Hey everyone, I hope you’re having an incredible day today. Today, we’re going to prepare a special dish, brad's sea scallop appetizer with maple butternut and pea puree. It is one of my favorites food recipes. For mine, I am going to make it a little bit tasty. This is gonna smell and look delicious.
Aprons are for Cowards presents an appetizer that is guaranteed to steal the show at any dinner. It involves large succulent scallops, an aromatic pea purée. Today we make a recipe from America's Test Kitchen's new cookbook, Paleo Perfected.
Brad's Sea Scallop Appetizer with Maple Butternut and Pea Puree is one of the most well liked of current trending foods in the world. It’s easy, it is fast, it tastes yummy. It is appreciated by millions daily.
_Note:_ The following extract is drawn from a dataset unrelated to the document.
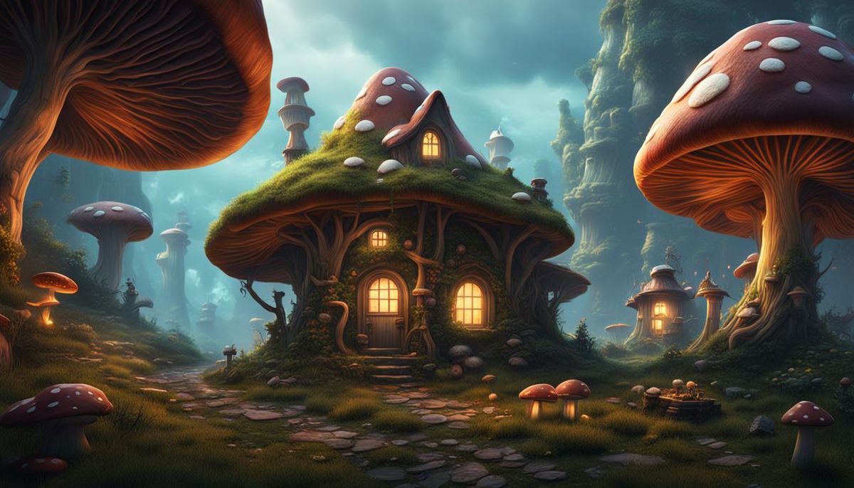 This image shows fantastical mushroom houses in a vibrant, detailed matte painting style. It features deep colors and intricate details, reminiscent of fantasy concept art in 8k resolution.

They are fine and they look wonderful. Brad's Sea Scallop Appetizer with Maple Butternut and Pea Puree is something that I’ve loved my whole life.
To get started with this particular recipe, we must first prepare a few components. You can have brad's sea scallop appetizer with maple butternut and pea puree using 14 ingredients and 6 steps. Here is how you cook that.
The ingredients needed to make Brad's Sea Scallop Appetizer with Maple Butternut and Pea Puree:
- Make ready Sea scallops, about 3 per serving
- Prepare Sea salt
- Prepare Olive oil
- Take Chopped cooked bacon for garnish
- Prepare For the maple butternut puree
- Prepare 1/2 cup chopped, peeled butternut squash
- Get 1/4 tsp sea salt
- Get 1/2 tsp sour cream
- Get 1/2 tsp maple syrup
- Prepare 1/2 tsp lemon juice
- Take For the pea puree
- Get 1/2 cup English peas, frozen works better than canned
- Take 1/4 tsp sea salt
- Take 1/2 tsp lime juice
The best part is the roasted squash seeds get pulverized into a coarse powder, which adds rich nuttiness. For the Scallops and Pea Puree. Pea puree was surprisingly spicy because of the raw ginger but I liked it a lot. The recipe made way too much gremolata which I think could have been halved.
Instructions to make Brad's Sea Scallop Appetizer with Maple Butternut and Pea Puree:
- Start 2 pans of water on to boil for the purees. Boil squash and peas separately until they are tender.
- To make the purees, drain squash and peas separately. In a blender add ingredients for the squash puree. The squash and peas should be hot when you blend them. Pulse a couple times. Turn blender to liquefy and slowly add hot water until puree becomes very smooth and silky. Taste and adjust seasonings to your liking. Repeat with the peas. They will take considerably less water to make smooth.
- Get a large frying pan heating on stove just over medium heat.
- Cut scallops in half so they will cook evenly. Pat dry with paper towels.
- When pan is hot add about 1 tbs olive oil per batch of scallops. Put scallops in pan. Lay them away from you. Immediately salt them. They should only need about 90-100 seconds per side. If doing more than 1 batch, clean pan between batches. Drain on paper towels for a minute when done.
- For plating, either mimic the picture or arrange in your own style. Garnish with a small piece of bacon. Serve immediately. Enjoy.
If you love mashed vegetables, this butternut puree will be your favorite easy side dish recipe. You'll love this maple butternut purée. It's silky and creamy with no cream added and this squash mash topped with crispy sage makes a great everyday and holiday dish. Puree pea mixture, adding pea cooking liquid by tablespoonfuls if too stiff, to form light and creamy puree. Season to taste with sea salt and freshly Sprinkle shrimp and scallops with salt and freshly ground black pepper.